Abstract
We discuss some of Jankov’s contributions to the study of intermediate logics, including the development of what have become known as Jankov formulas and a proof that there are continuum many intermediate logics. We also discuss how to generalize Jankov’s technique to develop axiomatization methods for all intermediate logics. These considerations result in what we term subframe and stable canonical formulas. Subframe canonical formulas are obtained by working with the disjunction-free reduct of Heyting algebras and are the algebraic counterpart of Zakharyaschev’s canonical formulas. On the other hand, stable canonical formulas are obtained by working with the implication-free reduct of Heyting algebras and are an alternative to subframe canonical formulas. We explain how to develop the standard and selective filtration methods algebraically to axiomatize intermediate logics by means of these formulas. Special cases of these formulas give rise to the classes of subframe and stable intermediate logics, and the algebraic account of filtration techniques can be used to prove that they all posses the finite model property (fmp). The fmp results about subframe and cofinal subframe logics yield algebraic proofs of the results of Fine and Zakharyaschev. We conclude by discussing the operations of subframization and stabilization of intermediate logics that this approach gives rise to.
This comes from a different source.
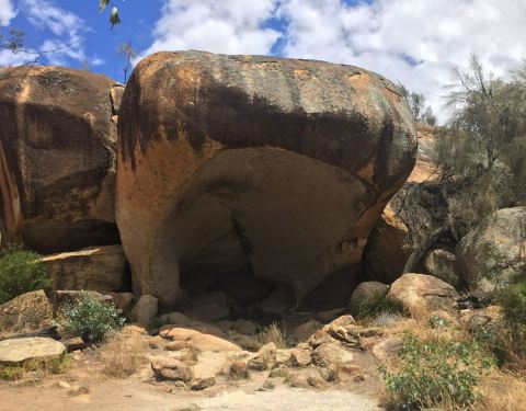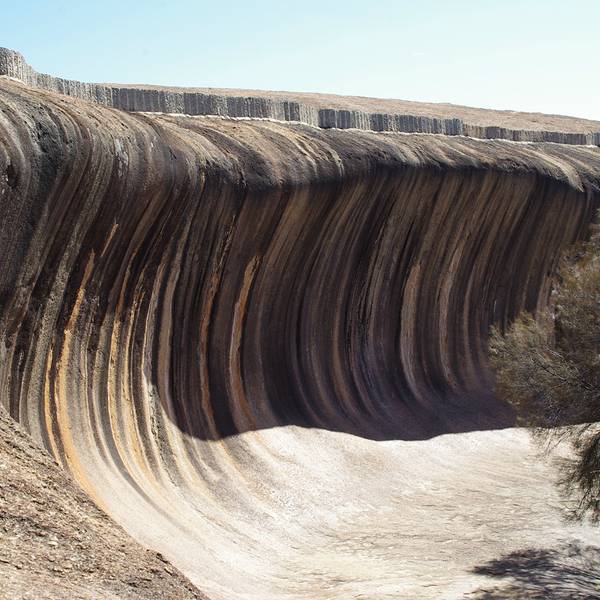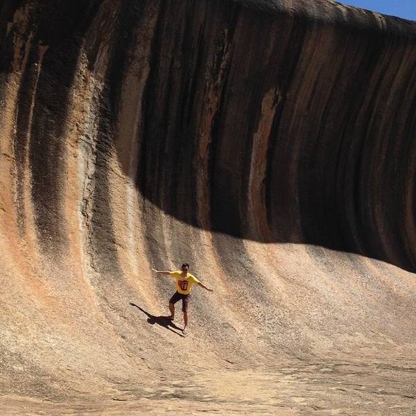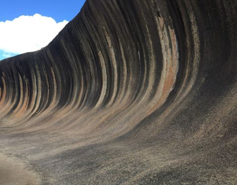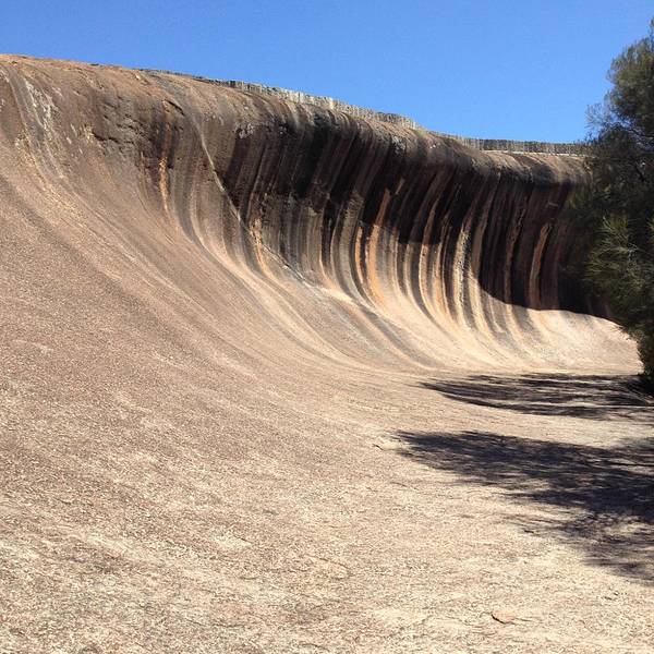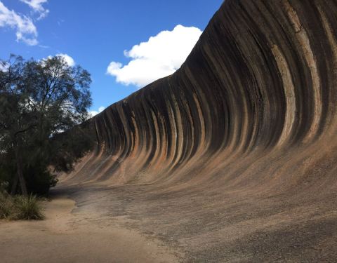 如果你一时没能去澳洲中部瞻仰那块瑰丽奇妙的“澳洲之心”,那么身处澳洲西部的你,不妨去观赏大自然鬼斧神工在澳洲留下的又一奇迹波浪岩。波浪岩是一块波浪形状的单片岩,它高15米、长110米、犹如滔天巨浪高高掀起并瞬间凝固半空中,它身上有一条条红褐色、黑色和灰色的条纹,在阳光映射下特别漂亮,很值得你从珀斯跋涉近350公里的漫长道路来这里观看。接下来,你要不要在这个固体波浪上摆一个冲浪的姿势呢? 据说屹立在广阔、干燥的沙漠中的波浪岩,在27亿年前是一块大部分埋于地下的大岩石,漫长的岁月中,含有各种化学成分的水分渗入地下将岩石底面慢慢侵蚀松化。后来,岩石周围的土壤被冲刷掉,被侵蚀的岩石底部露出地面。强劲的沙漠风挟沙粒和尘土的吹蚀把岩石较下层的外表挖去,留下成蜷曲状的顶部。雨水将矿物质和化学物沿岩面冲刷下来,留下一条条五彩斑斓的条纹。 波浪岩附近另有一座美丽的岩石,名叫河马之口(Hippe's yown)。它是一座空心岩,外形像河马张开的嘴巴。向北几千米处还有一组奇形的岩石,名叫驼峰岩。周围的岩石区中还有一个曾经有土著居住过的墓尔卡洞窟。洞中发掘出来的土著人手工版画是西澳值得骄傲的艺术品。墓尔卡这个名字来自于洞中的遗迹所提及的一个古代土著的大人物的名字。 波浪岩位于珀斯以东340公里处的海顿(Hyden)附近,从西澳州的首都柏斯出发大约5个小时的车程, 澳州沙漠中的波浪岩如今在澳洲已成为标志,早在25亿年前就已经形成。波浪岩名副其实就像一片席卷而来的波涛巨浪,波浪岩令无数的旅客赞叹大自然的鬼斧神工。每年都会有大量慕名而来的游客前来拜访波浪岩。

In the English literature there are two competing spellings of Jankov’s name: Jankov and Yankov. We follow the former because this is more common usage in the mathematical literature. The latter usage is more common in the philosophical literature, and is commonly used in this volume.
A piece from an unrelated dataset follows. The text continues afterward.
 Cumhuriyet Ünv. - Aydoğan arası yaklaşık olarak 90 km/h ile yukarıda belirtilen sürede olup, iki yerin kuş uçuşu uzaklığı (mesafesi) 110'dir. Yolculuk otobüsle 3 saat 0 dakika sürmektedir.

We are very happy to be able to contribute to this volume dedicated to V. A. Jankov. His work has been very influential for many generations of logicians, initially in the former Soviet Union, but eventually also abroad. In particular, it had a profound impact on our own research. While we have never met Professor Jankov in person, we have heard lots of interesting stories about him from our advisor Leo Esakia. Jankov is not only an outstanding logician, but also a role model citizen, who stood up against the Soviet regime. Because of this, he ended up in the Soviet political camps. A well-known Georgian dissident and human rights activist Levan Berdzenishvili spent several years there with Jankov. We refer to his memoirs (Berdzenishvili 2019) about the Soviet political camps of 1980s in general and about Jankov in particular. One chapter of the book “Vadim” (pp. 127–141) is dedicated to Jankov, in which he is characterized as follows: “I can say with certainty that in our political prison, Vadim Yankov, omnipotent and always ready to help, embodied in the pre-Internet era the combined capabilities of Google, Yahoo, and Wikipedia”.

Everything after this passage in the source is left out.